#### [Your task]
Both ends included, restate word for word the lines from the first line of the listing through the line containing "Новата, односно актуелната". Leave the pictures out.

#### [Dataset content]
__________________________________________________
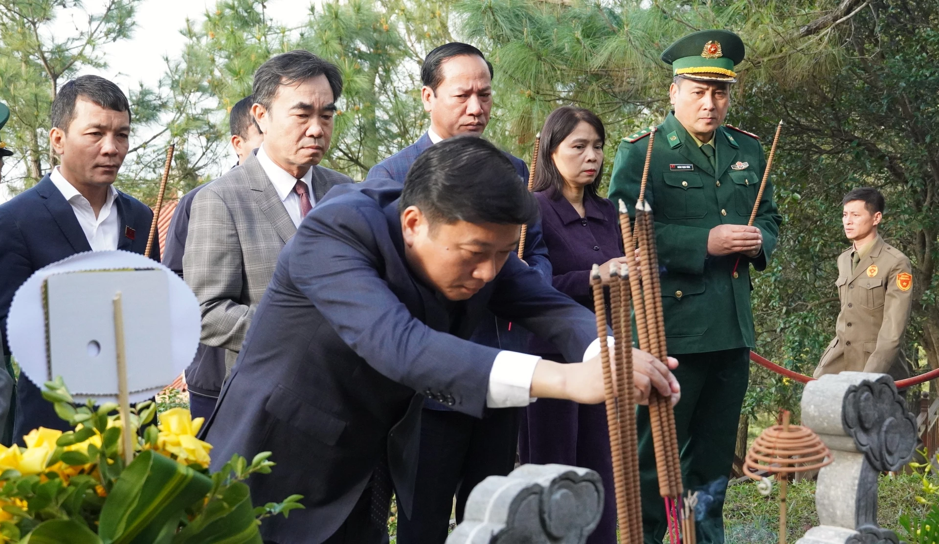 Trong không khí trang nghiêm và thành kính, các đồng chí lãnh đạo tỉnh đã kính cẩn đặt vòng hoa, dâng nén hương thơm lên phần mộ Đại tướng Võ Nguyên Giáp, đồng thời dành phút mặc niệm để bày tỏ lòng thành kính, tri ân sâu sắc đối với công lao to lớn của Đại tướng-người học trò xuất sắc và gần gũi của Chủ tịch Hồ Chí Minh, người Anh cả của Quân đội nhân dân Việt Nam, người con ưu tú của quê hương Quảng Trị.
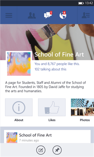 Новата, односно актуелната Facebook алпикација донесува целосно нов дизајн, подобри перформанси, поддршка за различни резолуции на екранот, поддршка за слики во висока резолуција, споделување на објави, слики и видеа, поддршка за повеќе јазици…
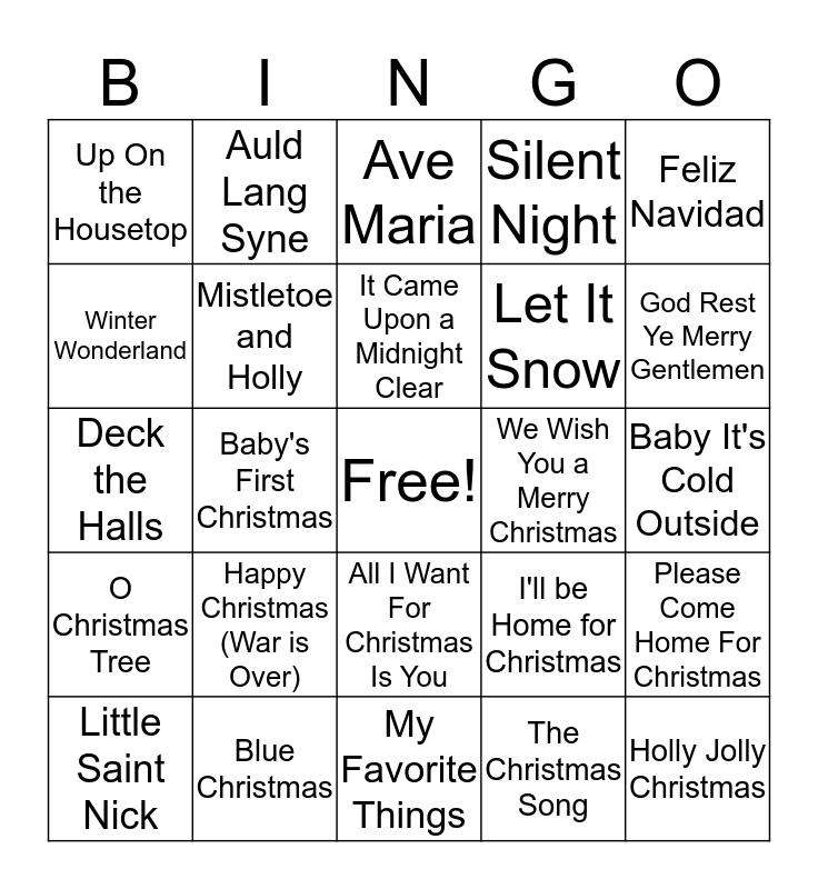 This bingo card has a free space and 53 words: Have Yourself a Merry Little Christmas, Holly Jolly Christmas, Carol of the Bells, The Christmas Song, Happy Christmas (War is Over), Home For the Holidays, Auld Lang Syne, Here Comes Santa Claus, Winter Wonderland, White Christmas, Mistletoe and Holly, Oh Come All Ye Faithful, Please Come Home For Christmas, I'll be Home for Christmas, Do You Hear What I Hear, Little Saint Nick, It Came Upon a Midnight Clear, We Wish You a Merry Christmas, O Holy Night, Feliz Navidad, Baby's First Christmas, The Twelve Days of Christmas, Let It Snow, Up On the Housetop, It's Beginning to Look a Lot Christmas, Blue Christmas, Santa Baby, It's the Most Wonderful Time of the Year, O Little Town of Bethlehem, God Rest Ye Merry Gentlemen, Rockin' Around the Christmas Tree, Rudolph The Red-Nosed Reindeer, Jingle Bells, Jingle Bell Rock, Silver Bells, Santa Claus is Comin' to Town, Silent Night, My Favorite Things, Ave Maria, Jolly Old St. Nicholas, The First Noel, Run Run Rudolph, Baby It's Cold Outside, Joy to the World, Frosty the Snowman, All I Want For Christmas Is You, The Little Drummer Boy, Away in a Manger, Deck the Halls, O Christmas Tree, Sleigh Ride, Good King Wenceslas and Here We Come a Caroling.
__________________________________________________
#### [Solution to the problem]
 Trong không khí trang nghiêm và thành kính, các đồng chí lãnh đạo tỉnh đã kính cẩn đặt vòng hoa, dâng nén hương thơm lên phần mộ Đại tướng Võ Nguyên Giáp, đồng thời dành phút mặc niệm để bày tỏ lòng thành kính, tri ân sâu sắc đối với công lao to lớn của Đại tướng-người học trò xuất sắc và gần gũi của Chủ tịch Hồ Chí Minh, người Anh cả của Quân đội nhân dân Việt Nam, người con ưu tú của quê hương Quảng Trị.
 Новата, односно актуелната Facebook алпикација донесува целосно нов дизајн, подобри перформанси, поддршка за различни резолуции на екранот, поддршка за слики во висока резолуција, споделување на објави, слики и видеа, поддршка за повеќе јазици…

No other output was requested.